Nowerdays, the only baking I do is with my girls. I see it as an opportunity for messy play but atย least at the end of it you should hopefully end up with something yummy to eat (as well as the big mess to tidy).

Here is how I manage it with two littlies ‘helping’. First, lower your expectations. No amazing culinary creation is going to be made here, just start with some fairy cakes or biscuits. I opted for some oaty biscuits from ‘Finger food for babies and toddlers – Jennie Maizels’


I like to work on a low table as the prospect of toddlers balancing on chairs either side of me is an extra stress I just don’t need. It also means you can move around the space more easily.
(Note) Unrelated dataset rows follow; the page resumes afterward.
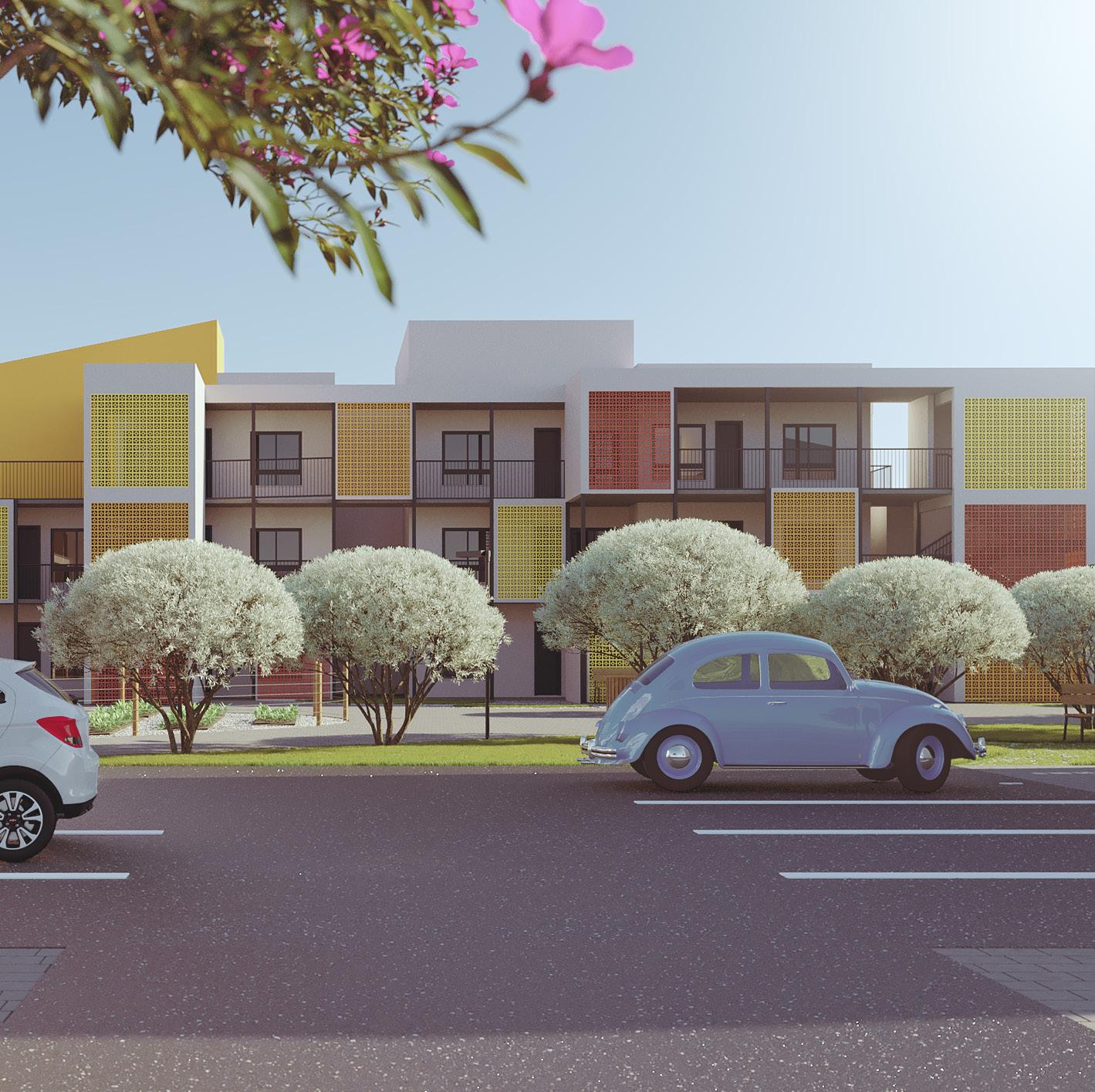 A tipologia 2 compõe o restante dos blocos do conjunto habitacional. Ela foi pensada para que pudesse ser facilmente replicada em diferentes volumetrias. Dessa forma, utilizando a mesma tipologia, que seria espelhada em alguns momentos, é possível criar diferentes formas e conferir ainda mais características únicas para os blocos.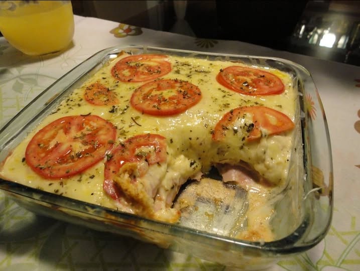 Coloque metade do molho de tomate temperado,as fatias de presunto, uma camada de requeijão, metade da mussarela, o restante do pão de forma, o restante do molho de tomate, o creme de leite, o restante da mussarela, o tomate em rodelas e o orégano.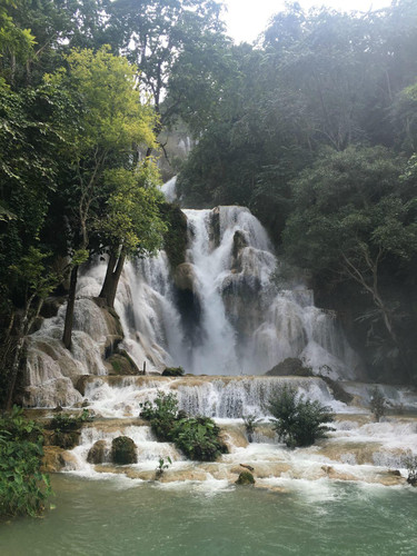 游览【光西瀑布】(含电瓶车)有老挝“黄龙”之称,光西瀑布内因其喀斯特地貌的原因,使得山泉 水如海水一样湛蓝,其中有一处高约 200 多米的瀑布直泻而下,相当壮观,可自带 游泳衣和外国友人一起感受世外桃源,体验高空跳水及森林泳池乐趣。返回琅勃拉邦,途中参观大象基地【布施大象】与大象零距离接触。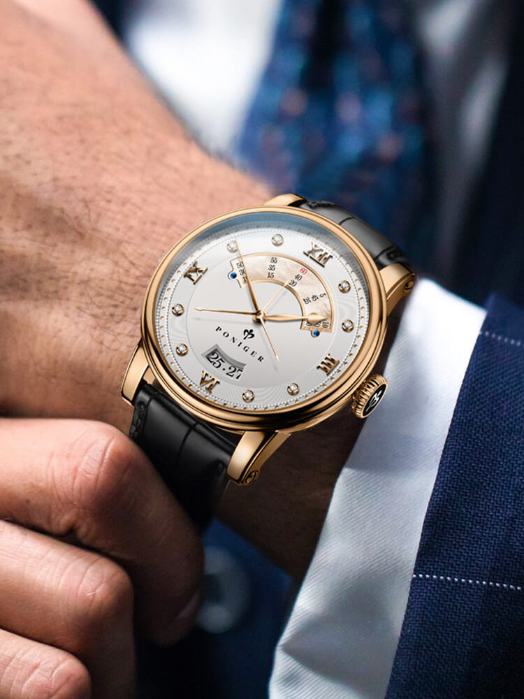 ♪ Sự pha trộn tinh tế đầy bất ngờ và xen lẫn giữa phong cách hiện đại, cổ điển là yếu tố làm nên sự hiện diện của phiên bản đồng hồ PONIGER P719-1 tại Việt Nam, dành riêng cho nam giới.

Before we start we get out all the ingredients we will be using and have a look at them/talk about what they are. This recipe called for golden syrup which my girls hadn’t tried so we also had a little taste. Surprise surprise, they loved it.

When we are ready to start, I remove anything we won’t be needing right away from arms reach to avoid unnecessary spillage/breakages. Our lovely butter dish, which was a wedding gift, was moved quickly up and only brought back when I was holding it.

Dry ingredients are the best for letting them get involved. Yes it can get a bit messy but they are also much easier to clean up. The girls helped scoop the flour and oats for weighing. I then topped up to the correct amount and added fiddly ingredients like the baking powder and syrup.

When it was all in the bowl, they both took turns stirring. I’ll be honest, hands went in and were licked. Now they knew about the syrup, it was a bit too irresistible. We were going to be the only ones eating them and like I said before, I think of it more as sensory play than baking.

I took over to knead it into a ball and flatted out the dough. The girls then used the cutters to basically create a thousand prints and not one cut out biscuits so I needed to reshape again and show them how to press and cut them out.


A few more bits ended up in mouths but luckily there was no raw egg so I didn’t mind too much. Finally, they put them onto a baking tray to be cooked. They liked looking through the oven door to watch although nothing exciting was going to happen here.


They turned out pretty well and I especially liked all the patterns from the girls stamping the dough before cutting. A big thumbs up from the girls too.

Does anyone have any other ideas for making baking with toddlers easier?